*** Block opens ***

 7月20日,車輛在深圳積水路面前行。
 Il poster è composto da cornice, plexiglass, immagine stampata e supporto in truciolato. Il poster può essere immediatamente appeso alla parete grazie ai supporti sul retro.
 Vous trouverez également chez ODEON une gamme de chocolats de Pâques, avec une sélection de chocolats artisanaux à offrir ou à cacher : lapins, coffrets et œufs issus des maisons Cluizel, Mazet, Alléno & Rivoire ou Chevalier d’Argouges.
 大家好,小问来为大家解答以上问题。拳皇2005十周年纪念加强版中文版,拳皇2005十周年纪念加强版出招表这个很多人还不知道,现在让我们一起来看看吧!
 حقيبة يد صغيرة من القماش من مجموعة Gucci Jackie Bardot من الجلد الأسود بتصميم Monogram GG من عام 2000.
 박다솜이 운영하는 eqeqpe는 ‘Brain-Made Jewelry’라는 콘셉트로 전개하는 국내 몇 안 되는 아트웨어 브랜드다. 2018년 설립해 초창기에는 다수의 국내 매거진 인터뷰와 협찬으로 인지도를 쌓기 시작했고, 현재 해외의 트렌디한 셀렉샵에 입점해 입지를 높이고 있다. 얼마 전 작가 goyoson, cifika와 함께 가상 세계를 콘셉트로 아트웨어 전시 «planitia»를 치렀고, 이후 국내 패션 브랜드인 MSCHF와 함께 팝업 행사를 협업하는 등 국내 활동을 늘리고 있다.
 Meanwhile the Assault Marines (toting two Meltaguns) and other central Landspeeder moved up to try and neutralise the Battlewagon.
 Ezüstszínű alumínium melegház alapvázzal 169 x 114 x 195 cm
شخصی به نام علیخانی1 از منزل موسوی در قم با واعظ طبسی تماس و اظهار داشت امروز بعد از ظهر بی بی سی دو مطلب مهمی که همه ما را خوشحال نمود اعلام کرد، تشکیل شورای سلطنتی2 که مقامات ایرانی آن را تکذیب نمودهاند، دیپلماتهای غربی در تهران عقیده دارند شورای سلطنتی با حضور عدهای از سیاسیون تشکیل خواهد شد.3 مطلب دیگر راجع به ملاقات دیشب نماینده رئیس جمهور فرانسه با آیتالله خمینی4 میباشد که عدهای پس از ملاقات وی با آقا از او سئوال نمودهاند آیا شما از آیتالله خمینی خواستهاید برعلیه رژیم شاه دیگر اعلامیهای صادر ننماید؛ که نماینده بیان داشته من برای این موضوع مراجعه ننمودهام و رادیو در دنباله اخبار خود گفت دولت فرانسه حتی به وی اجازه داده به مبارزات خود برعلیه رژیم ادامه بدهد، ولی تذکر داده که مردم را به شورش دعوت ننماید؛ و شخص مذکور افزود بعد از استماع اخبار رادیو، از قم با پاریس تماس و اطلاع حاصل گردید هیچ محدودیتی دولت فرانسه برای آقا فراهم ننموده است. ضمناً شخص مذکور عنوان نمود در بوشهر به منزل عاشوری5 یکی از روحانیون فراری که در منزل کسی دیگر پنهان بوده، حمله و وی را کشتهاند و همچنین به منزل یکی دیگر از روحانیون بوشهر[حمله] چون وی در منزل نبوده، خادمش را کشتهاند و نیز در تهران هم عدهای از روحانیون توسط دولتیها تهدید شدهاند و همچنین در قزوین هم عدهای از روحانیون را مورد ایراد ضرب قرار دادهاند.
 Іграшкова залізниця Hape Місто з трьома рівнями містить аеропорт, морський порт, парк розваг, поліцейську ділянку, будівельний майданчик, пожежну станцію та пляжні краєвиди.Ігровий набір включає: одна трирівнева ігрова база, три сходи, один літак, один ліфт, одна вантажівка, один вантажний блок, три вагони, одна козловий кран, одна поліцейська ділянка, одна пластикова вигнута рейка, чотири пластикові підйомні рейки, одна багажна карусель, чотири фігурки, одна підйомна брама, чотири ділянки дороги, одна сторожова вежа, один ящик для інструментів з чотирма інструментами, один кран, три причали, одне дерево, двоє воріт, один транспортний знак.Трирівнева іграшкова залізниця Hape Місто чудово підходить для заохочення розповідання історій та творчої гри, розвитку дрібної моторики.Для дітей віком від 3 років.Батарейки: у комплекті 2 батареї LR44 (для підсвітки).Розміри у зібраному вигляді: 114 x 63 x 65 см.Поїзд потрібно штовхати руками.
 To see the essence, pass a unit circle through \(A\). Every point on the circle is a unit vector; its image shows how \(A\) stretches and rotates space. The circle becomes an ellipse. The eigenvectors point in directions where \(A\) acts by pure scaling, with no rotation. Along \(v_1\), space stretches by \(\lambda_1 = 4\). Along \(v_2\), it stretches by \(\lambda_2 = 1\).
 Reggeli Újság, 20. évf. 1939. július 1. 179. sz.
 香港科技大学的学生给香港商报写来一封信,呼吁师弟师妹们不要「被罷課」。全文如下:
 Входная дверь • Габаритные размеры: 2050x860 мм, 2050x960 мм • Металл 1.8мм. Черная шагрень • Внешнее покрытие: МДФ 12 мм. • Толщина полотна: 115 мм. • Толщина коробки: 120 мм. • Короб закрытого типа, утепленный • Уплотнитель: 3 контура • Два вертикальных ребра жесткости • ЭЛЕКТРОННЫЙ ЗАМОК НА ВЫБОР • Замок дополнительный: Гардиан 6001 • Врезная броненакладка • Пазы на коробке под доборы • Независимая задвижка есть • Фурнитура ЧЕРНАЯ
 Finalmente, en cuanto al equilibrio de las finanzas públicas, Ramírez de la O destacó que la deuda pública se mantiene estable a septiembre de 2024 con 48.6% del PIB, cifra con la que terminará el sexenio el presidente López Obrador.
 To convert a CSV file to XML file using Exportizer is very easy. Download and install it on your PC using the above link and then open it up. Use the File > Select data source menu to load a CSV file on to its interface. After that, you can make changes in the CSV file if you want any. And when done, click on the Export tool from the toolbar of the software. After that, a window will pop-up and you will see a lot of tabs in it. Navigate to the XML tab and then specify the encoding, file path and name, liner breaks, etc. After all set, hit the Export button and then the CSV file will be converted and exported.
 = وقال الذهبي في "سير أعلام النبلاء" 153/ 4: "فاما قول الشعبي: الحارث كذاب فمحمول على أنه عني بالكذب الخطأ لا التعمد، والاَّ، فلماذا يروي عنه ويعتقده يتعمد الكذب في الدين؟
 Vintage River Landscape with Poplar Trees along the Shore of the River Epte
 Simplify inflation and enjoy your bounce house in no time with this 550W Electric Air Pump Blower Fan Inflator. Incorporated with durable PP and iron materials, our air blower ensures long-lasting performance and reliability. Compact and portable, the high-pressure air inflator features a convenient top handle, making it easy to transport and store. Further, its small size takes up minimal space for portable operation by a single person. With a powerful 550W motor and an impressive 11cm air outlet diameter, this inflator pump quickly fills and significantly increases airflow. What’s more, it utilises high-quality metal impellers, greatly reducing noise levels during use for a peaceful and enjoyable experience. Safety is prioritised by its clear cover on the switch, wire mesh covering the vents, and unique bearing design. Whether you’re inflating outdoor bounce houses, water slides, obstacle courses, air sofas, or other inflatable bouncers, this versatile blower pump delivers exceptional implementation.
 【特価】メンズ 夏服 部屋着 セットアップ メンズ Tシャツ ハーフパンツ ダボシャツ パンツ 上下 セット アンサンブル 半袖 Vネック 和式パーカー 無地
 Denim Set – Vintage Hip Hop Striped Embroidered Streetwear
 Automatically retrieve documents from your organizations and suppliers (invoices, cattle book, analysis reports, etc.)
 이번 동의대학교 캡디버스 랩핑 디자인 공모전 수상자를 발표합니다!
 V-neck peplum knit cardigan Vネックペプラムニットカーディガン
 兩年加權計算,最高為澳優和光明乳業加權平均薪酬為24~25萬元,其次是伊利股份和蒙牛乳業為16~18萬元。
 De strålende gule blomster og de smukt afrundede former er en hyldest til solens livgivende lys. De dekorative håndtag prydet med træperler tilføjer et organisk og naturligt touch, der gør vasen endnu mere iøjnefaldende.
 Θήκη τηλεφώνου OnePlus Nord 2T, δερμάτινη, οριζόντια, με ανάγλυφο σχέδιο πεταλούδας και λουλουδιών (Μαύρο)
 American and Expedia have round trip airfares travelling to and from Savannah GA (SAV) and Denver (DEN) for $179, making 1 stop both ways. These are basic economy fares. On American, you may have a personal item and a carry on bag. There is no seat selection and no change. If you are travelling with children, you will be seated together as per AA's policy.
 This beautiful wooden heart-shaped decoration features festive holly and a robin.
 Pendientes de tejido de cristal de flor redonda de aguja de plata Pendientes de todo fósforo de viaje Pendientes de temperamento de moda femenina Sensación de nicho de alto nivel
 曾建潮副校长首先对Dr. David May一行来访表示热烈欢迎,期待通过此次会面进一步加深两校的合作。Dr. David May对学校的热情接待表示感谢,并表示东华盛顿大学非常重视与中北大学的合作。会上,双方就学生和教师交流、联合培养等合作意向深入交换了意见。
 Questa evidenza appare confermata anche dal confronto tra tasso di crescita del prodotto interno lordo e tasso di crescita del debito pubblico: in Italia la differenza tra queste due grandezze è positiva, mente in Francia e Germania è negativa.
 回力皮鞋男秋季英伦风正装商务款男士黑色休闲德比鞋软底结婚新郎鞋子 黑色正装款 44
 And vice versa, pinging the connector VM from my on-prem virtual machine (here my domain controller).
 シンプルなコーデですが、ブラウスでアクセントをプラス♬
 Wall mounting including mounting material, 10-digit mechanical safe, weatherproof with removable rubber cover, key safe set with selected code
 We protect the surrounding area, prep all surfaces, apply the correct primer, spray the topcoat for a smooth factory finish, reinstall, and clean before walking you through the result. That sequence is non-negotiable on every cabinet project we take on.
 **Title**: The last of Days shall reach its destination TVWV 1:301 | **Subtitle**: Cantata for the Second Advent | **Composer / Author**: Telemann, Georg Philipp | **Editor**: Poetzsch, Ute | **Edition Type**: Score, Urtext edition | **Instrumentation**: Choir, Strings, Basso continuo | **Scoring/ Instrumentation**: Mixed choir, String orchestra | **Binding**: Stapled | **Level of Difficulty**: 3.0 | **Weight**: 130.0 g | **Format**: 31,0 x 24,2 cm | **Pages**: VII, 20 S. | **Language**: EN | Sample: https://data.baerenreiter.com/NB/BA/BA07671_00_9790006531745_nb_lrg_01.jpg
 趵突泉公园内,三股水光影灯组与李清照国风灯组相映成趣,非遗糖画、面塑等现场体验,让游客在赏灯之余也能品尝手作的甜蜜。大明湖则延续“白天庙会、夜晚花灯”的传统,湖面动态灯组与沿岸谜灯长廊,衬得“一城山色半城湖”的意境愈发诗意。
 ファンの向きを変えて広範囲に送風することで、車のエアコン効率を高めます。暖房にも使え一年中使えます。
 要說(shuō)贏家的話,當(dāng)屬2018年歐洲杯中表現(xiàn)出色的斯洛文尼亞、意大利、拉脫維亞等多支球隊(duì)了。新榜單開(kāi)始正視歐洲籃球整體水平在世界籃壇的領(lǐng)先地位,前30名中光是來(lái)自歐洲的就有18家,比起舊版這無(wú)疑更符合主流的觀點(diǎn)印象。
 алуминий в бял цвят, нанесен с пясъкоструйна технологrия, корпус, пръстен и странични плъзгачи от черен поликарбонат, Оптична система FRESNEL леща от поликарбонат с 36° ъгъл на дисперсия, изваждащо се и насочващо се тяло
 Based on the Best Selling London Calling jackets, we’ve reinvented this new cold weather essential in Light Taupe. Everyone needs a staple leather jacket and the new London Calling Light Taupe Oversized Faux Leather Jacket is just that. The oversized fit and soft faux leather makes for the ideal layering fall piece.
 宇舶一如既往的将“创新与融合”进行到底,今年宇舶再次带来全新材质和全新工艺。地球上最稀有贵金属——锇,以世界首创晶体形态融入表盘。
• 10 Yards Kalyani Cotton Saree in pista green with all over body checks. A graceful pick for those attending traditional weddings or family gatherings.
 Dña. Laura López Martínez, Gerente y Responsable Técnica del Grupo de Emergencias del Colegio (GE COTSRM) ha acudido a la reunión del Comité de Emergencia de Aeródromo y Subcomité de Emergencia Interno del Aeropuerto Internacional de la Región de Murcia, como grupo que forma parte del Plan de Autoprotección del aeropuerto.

*** Block closes ***

Work item >> Print exactly the stretch of lines beginning with the one that holds "We protect the" and ending at the last line above.

Exercise answer >>
 We protect the surrounding area, prep all surfaces, apply the correct primer, spray the topcoat for a smooth factory finish, reinstall, and clean before walking you through the result. That sequence is non-negotiable on every cabinet project we take on.
 **Title**: The last of Days shall reach its destination TVWV 1:301 | **Subtitle**: Cantata for the Second Advent | **Composer / Author**: Telemann, Georg Philipp | **Editor**: Poetzsch, Ute | **Edition Type**: Score, Urtext edition | **Instrumentation**: Choir, Strings, Basso continuo | **Scoring/ Instrumentation**: Mixed choir, String orchestra | **Binding**: Stapled | **Level of Difficulty**: 3.0 | **Weight**: 130.0 g | **Format**: 31,0 x 24,2 cm | **Pages**: VII, 20 S. | **Language**: EN | Sample: https://data.baerenreiter.com/NB/BA/BA07671_00_9790006531745_nb_lrg_01.jpg
 趵突泉公园内,三股水光影灯组与李清照国风灯组相映成趣,非遗糖画、面塑等现场体验,让游客在赏灯之余也能品尝手作的甜蜜。大明湖则延续“白天庙会、夜晚花灯”的传统,湖面动态灯组与沿岸谜灯长廊,衬得“一城山色半城湖”的意境愈发诗意。
 ファンの向きを変えて広範囲に送風することで、車のエアコン効率を高めます。暖房にも使え一年中使えます。
 要說(shuō)贏家的話,當(dāng)屬2018年歐洲杯中表現(xiàn)出色的斯洛文尼亞、意大利、拉脫維亞等多支球隊(duì)了。新榜單開(kāi)始正視歐洲籃球整體水平在世界籃壇的領(lǐng)先地位,前30名中光是來(lái)自歐洲的就有18家,比起舊版這無(wú)疑更符合主流的觀點(diǎn)印象。
 алуминий в бял цвят, нанесен с пясъкоструйна технологrия, корпус, пръстен и странични плъзгачи от черен поликарбонат, Оптична система FRESNEL леща от поликарбонат с 36° ъгъл на дисперсия, изваждащо се и насочващо се тяло
 Based on the Best Selling London Calling jackets, we’ve reinvented this new cold weather essential in Light Taupe. Everyone needs a staple leather jacket and the new London Calling Light Taupe Oversized Faux Leather Jacket is just that. The oversized fit and soft faux leather makes for the ideal layering fall piece.
 宇舶一如既往的将“创新与融合”进行到底,今年宇舶再次带来全新材质和全新工艺。地球上最稀有贵金属——锇,以世界首创晶体形态融入表盘。
• 10 Yards Kalyani Cotton Saree in pista green with all over body checks. A graceful pick for those attending traditional weddings or family gatherings.
 Dña. Laura López Martínez, Gerente y Responsable Técnica del Grupo de Emergencias del Colegio (GE COTSRM) ha acudido a la reunión del Comité de Emergencia de Aeródromo y Subcomité de Emergencia Interno del Aeropuerto Internacional de la Región de Murcia, como grupo que forma parte del Plan de Autoprotección del aeropuerto.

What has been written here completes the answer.